<<<<
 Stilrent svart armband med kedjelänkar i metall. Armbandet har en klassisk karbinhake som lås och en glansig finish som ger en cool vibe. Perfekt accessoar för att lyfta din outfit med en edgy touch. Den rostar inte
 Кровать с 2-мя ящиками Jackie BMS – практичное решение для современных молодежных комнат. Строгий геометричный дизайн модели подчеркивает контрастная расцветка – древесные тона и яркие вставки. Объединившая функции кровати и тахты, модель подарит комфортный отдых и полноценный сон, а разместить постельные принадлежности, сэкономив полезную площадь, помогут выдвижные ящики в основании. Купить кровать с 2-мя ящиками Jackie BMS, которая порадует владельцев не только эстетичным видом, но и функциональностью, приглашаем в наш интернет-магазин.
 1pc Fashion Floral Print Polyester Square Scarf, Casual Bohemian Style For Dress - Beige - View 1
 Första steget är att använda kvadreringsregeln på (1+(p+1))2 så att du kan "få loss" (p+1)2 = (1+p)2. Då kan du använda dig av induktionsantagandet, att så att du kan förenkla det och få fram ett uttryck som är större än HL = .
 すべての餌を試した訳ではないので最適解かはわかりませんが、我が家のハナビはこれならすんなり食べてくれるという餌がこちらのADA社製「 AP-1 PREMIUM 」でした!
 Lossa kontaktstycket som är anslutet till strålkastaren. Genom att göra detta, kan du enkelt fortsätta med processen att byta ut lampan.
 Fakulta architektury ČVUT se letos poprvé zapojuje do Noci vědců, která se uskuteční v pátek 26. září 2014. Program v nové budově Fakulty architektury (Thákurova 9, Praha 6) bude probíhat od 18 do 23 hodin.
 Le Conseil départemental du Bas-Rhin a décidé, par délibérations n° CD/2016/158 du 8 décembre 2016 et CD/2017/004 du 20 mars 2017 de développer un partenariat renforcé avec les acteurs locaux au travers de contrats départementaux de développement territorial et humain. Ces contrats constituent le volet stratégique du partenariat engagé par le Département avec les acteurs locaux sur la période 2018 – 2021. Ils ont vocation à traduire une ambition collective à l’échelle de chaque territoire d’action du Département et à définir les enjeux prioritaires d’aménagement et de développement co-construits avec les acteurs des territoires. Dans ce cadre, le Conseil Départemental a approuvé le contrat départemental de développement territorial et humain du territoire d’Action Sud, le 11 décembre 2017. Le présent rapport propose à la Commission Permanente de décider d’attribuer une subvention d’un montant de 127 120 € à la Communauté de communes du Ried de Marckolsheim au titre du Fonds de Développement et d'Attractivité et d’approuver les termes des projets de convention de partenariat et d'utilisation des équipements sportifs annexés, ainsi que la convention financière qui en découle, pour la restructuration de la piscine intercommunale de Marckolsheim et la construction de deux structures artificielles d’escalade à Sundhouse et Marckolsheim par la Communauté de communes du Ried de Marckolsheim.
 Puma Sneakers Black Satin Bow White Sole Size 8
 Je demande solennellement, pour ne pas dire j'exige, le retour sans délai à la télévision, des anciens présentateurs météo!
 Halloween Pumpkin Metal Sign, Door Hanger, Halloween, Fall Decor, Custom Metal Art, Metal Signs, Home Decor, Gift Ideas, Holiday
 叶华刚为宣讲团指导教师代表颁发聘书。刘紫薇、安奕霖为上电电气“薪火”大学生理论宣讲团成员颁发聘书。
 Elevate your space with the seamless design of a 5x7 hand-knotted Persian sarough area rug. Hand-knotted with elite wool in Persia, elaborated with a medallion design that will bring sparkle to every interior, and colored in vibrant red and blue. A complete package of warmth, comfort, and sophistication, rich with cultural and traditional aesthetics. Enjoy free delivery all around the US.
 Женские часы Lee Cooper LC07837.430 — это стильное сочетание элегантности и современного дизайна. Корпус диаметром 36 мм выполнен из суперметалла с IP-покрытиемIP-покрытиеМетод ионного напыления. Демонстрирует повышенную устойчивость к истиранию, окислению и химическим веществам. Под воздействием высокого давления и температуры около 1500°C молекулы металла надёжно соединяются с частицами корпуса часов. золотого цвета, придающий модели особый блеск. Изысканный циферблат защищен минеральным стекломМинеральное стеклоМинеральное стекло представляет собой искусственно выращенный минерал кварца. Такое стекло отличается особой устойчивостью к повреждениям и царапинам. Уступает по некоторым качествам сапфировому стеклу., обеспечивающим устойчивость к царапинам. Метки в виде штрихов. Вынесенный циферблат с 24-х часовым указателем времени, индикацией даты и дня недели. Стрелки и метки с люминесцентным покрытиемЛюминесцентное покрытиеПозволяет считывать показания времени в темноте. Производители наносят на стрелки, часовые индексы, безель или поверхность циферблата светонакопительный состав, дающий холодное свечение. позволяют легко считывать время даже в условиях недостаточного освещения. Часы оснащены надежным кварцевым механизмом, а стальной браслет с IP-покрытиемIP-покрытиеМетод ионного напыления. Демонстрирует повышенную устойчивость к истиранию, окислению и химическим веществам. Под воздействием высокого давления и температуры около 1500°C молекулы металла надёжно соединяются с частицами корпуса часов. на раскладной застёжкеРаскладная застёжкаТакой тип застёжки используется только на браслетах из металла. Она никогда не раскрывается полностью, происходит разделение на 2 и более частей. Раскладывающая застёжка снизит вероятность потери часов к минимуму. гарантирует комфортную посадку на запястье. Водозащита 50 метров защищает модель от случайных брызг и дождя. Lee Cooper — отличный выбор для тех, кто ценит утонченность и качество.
>>>>
### INSTRUCTIONS TO FOLLOW
Word for word, transcribe all of the records.

### SOLUTION FOR THIS TASK
 Stilrent svart armband med kedjelänkar i metall. Armbandet har en klassisk karbinhake som lås och en glansig finish som ger en cool vibe. Perfekt accessoar för att lyfta din outfit med en edgy touch. Den rostar inte
 Кровать с 2-мя ящиками Jackie BMS – практичное решение для современных молодежных комнат. Строгий геометричный дизайн модели подчеркивает контрастная расцветка – древесные тона и яркие вставки. Объединившая функции кровати и тахты, модель подарит комфортный отдых и полноценный сон, а разместить постельные принадлежности, сэкономив полезную площадь, помогут выдвижные ящики в основании. Купить кровать с 2-мя ящиками Jackie BMS, которая порадует владельцев не только эстетичным видом, но и функциональностью, приглашаем в наш интернет-магазин.
 1pc Fashion Floral Print Polyester Square Scarf, Casual Bohemian Style For Dress - Beige - View 1
 Första steget är att använda kvadreringsregeln på (1+(p+1))2 så att du kan "få loss" (p+1)2 = (1+p)2. Då kan du använda dig av induktionsantagandet, att så att du kan förenkla det och få fram ett uttryck som är större än HL = .
 すべての餌を試した訳ではないので最適解かはわかりませんが、我が家のハナビはこれならすんなり食べてくれるという餌がこちらのADA社製「 AP-1 PREMIUM 」でした!
 Lossa kontaktstycket som är anslutet till strålkastaren. Genom att göra detta, kan du enkelt fortsätta med processen att byta ut lampan.
 Fakulta architektury ČVUT se letos poprvé zapojuje do Noci vědců, která se uskuteční v pátek 26. září 2014. Program v nové budově Fakulty architektury (Thákurova 9, Praha 6) bude probíhat od 18 do 23 hodin.
 Le Conseil départemental du Bas-Rhin a décidé, par délibérations n° CD/2016/158 du 8 décembre 2016 et CD/2017/004 du 20 mars 2017 de développer un partenariat renforcé avec les acteurs locaux au travers de contrats départementaux de développement territorial et humain. Ces contrats constituent le volet stratégique du partenariat engagé par le Département avec les acteurs locaux sur la période 2018 – 2021. Ils ont vocation à traduire une ambition collective à l’échelle de chaque territoire d’action du Département et à définir les enjeux prioritaires d’aménagement et de développement co-construits avec les acteurs des territoires. Dans ce cadre, le Conseil Départemental a approuvé le contrat départemental de développement territorial et humain du territoire d’Action Sud, le 11 décembre 2017. Le présent rapport propose à la Commission Permanente de décider d’attribuer une subvention d’un montant de 127 120 € à la Communauté de communes du Ried de Marckolsheim au titre du Fonds de Développement et d'Attractivité et d’approuver les termes des projets de convention de partenariat et d'utilisation des équipements sportifs annexés, ainsi que la convention financière qui en découle, pour la restructuration de la piscine intercommunale de Marckolsheim et la construction de deux structures artificielles d’escalade à Sundhouse et Marckolsheim par la Communauté de communes du Ried de Marckolsheim.
 Puma Sneakers Black Satin Bow White Sole Size 8
 Je demande solennellement, pour ne pas dire j'exige, le retour sans délai à la télévision, des anciens présentateurs météo!
 Halloween Pumpkin Metal Sign, Door Hanger, Halloween, Fall Decor, Custom Metal Art, Metal Signs, Home Decor, Gift Ideas, Holiday
 叶华刚为宣讲团指导教师代表颁发聘书。刘紫薇、安奕霖为上电电气“薪火”大学生理论宣讲团成员颁发聘书。
 Elevate your space with the seamless design of a 5x7 hand-knotted Persian sarough area rug. Hand-knotted with elite wool in Persia, elaborated with a medallion design that will bring sparkle to every interior, and colored in vibrant red and blue. A complete package of warmth, comfort, and sophistication, rich with cultural and traditional aesthetics. Enjoy free delivery all around the US.
 Женские часы Lee Cooper LC07837.430 — это стильное сочетание элегантности и современного дизайна. Корпус диаметром 36 мм выполнен из суперметалла с IP-покрытиемIP-покрытиеМетод ионного напыления. Демонстрирует повышенную устойчивость к истиранию, окислению и химическим веществам. Под воздействием высокого давления и температуры около 1500°C молекулы металла надёжно соединяются с частицами корпуса часов. золотого цвета, придающий модели особый блеск. Изысканный циферблат защищен минеральным стекломМинеральное стеклоМинеральное стекло представляет собой искусственно выращенный минерал кварца. Такое стекло отличается особой устойчивостью к повреждениям и царапинам. Уступает по некоторым качествам сапфировому стеклу., обеспечивающим устойчивость к царапинам. Метки в виде штрихов. Вынесенный циферблат с 24-х часовым указателем времени, индикацией даты и дня недели. Стрелки и метки с люминесцентным покрытиемЛюминесцентное покрытиеПозволяет считывать показания времени в темноте. Производители наносят на стрелки, часовые индексы, безель или поверхность циферблата светонакопительный состав, дающий холодное свечение. позволяют легко считывать время даже в условиях недостаточного освещения. Часы оснащены надежным кварцевым механизмом, а стальной браслет с IP-покрытиемIP-покрытиеМетод ионного напыления. Демонстрирует повышенную устойчивость к истиранию, окислению и химическим веществам. Под воздействием высокого давления и температуры около 1500°C молекулы металла надёжно соединяются с частицами корпуса часов. на раскладной застёжкеРаскладная застёжкаТакой тип застёжки используется только на браслетах из металла. Она никогда не раскрывается полностью, происходит разделение на 2 и более частей. Раскладывающая застёжка снизит вероятность потери часов к минимуму. гарантирует комфортную посадку на запястье. Водозащита 50 метров защищает модель от случайных брызг и дождя. Lee Cooper — отличный выбор для тех, кто ценит утонченность и качество.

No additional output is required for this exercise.